Assignment:
Your task is to output the data exactly as it stands.

Stored entries

· · ·

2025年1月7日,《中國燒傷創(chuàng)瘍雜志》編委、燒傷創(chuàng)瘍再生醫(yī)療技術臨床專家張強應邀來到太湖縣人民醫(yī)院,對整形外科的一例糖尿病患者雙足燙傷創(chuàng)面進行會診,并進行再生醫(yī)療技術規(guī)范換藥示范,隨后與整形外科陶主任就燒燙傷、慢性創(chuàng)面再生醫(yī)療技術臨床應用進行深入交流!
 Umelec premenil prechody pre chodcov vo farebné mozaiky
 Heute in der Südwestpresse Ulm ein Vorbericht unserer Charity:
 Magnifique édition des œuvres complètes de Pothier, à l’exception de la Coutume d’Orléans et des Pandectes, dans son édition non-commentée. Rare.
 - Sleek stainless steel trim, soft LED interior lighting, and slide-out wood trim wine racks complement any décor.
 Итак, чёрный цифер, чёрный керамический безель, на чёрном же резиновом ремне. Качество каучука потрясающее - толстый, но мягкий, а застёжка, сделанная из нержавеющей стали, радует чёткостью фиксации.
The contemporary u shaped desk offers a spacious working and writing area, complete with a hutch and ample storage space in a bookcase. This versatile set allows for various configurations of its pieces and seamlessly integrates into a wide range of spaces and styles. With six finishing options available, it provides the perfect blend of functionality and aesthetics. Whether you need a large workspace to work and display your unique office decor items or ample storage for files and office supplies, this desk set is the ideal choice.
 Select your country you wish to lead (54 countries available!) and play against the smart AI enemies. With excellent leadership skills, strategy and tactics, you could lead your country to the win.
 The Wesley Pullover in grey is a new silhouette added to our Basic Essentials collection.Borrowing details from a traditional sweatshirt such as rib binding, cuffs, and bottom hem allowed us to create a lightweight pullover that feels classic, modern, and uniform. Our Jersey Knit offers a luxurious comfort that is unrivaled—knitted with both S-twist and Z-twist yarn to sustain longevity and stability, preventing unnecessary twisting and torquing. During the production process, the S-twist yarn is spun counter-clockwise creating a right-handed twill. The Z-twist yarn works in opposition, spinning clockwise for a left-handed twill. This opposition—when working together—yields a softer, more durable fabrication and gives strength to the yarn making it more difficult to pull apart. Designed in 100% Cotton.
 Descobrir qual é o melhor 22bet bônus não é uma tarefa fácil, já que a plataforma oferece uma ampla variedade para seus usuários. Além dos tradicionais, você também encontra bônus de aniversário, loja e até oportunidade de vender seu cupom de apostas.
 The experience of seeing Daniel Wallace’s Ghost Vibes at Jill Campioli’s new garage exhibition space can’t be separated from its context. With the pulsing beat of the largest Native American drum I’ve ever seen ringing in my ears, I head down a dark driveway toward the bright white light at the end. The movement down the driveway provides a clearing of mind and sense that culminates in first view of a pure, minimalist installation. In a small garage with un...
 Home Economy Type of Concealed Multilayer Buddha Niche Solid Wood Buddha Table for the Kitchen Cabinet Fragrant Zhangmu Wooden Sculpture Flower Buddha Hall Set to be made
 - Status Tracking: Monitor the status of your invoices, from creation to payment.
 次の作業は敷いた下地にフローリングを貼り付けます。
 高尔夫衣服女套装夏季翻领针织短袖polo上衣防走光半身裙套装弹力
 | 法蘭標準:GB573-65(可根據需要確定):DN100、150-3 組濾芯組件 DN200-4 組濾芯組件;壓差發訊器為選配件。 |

· · ·

Worked solution:
2025年1月7日,《中國燒傷創(chuàng)瘍雜志》編委、燒傷創(chuàng)瘍再生醫(yī)療技術臨床專家張強應邀來到太湖縣人民醫(yī)院,對整形外科的一例糖尿病患者雙足燙傷創(chuàng)面進行會診,并進行再生醫(yī)療技術規(guī)范換藥示范,隨后與整形外科陶主任就燒燙傷、慢性創(chuàng)面再生醫(yī)療技術臨床應用進行深入交流!
 Umelec premenil prechody pre chodcov vo farebné mozaiky
 Heute in der Südwestpresse Ulm ein Vorbericht unserer Charity:
 Magnifique édition des œuvres complètes de Pothier, à l’exception de la Coutume d’Orléans et des Pandectes, dans son édition non-commentée. Rare.
 - Sleek stainless steel trim, soft LED interior lighting, and slide-out wood trim wine racks complement any décor.
 Итак, чёрный цифер, чёрный керамический безель, на чёрном же резиновом ремне. Качество каучука потрясающее - толстый, но мягкий, а застёжка, сделанная из нержавеющей стали, радует чёткостью фиксации.
The contemporary u shaped desk offers a spacious working and writing area, complete with a hutch and ample storage space in a bookcase. This versatile set allows for various configurations of its pieces and seamlessly integrates into a wide range of spaces and styles. With six finishing options available, it provides the perfect blend of functionality and aesthetics. Whether you need a large workspace to work and display your unique office decor items or ample storage for files and office supplies, this desk set is the ideal choice.
 Select your country you wish to lead (54 countries available!) and play against the smart AI enemies. With excellent leadership skills, strategy and tactics, you could lead your country to the win.
 The Wesley Pullover in grey is a new silhouette added to our Basic Essentials collection.Borrowing details from a traditional sweatshirt such as rib binding, cuffs, and bottom hem allowed us to create a lightweight pullover that feels classic, modern, and uniform. Our Jersey Knit offers a luxurious comfort that is unrivaled—knitted with both S-twist and Z-twist yarn to sustain longevity and stability, preventing unnecessary twisting and torquing. During the production process, the S-twist yarn is spun counter-clockwise creating a right-handed twill. The Z-twist yarn works in opposition, spinning clockwise for a left-handed twill. This opposition—when working together—yields a softer, more durable fabrication and gives strength to the yarn making it more difficult to pull apart. Designed in 100% Cotton.
 Descobrir qual é o melhor 22bet bônus não é uma tarefa fácil, já que a plataforma oferece uma ampla variedade para seus usuários. Além dos tradicionais, você também encontra bônus de aniversário, loja e até oportunidade de vender seu cupom de apostas.
 The experience of seeing Daniel Wallace’s Ghost Vibes at Jill Campioli’s new garage exhibition space can’t be separated from its context. With the pulsing beat of the largest Native American drum I’ve ever seen ringing in my ears, I head down a dark driveway toward the bright white light at the end. The movement down the driveway provides a clearing of mind and sense that culminates in first view of a pure, minimalist installation. In a small garage with un...
 Home Economy Type of Concealed Multilayer Buddha Niche Solid Wood Buddha Table for the Kitchen Cabinet Fragrant Zhangmu Wooden Sculpture Flower Buddha Hall Set to be made
 - Status Tracking: Monitor the status of your invoices, from creation to payment.
 次の作業は敷いた下地にフローリングを貼り付けます。
 高尔夫衣服女套装夏季翻领针织短袖polo上衣防走光半身裙套装弹力
 | 法蘭標準:GB573-65(可根據需要確定):DN100、150-3 組濾芯組件 DN200-4 組濾芯組件;壓差發訊器為選配件。 |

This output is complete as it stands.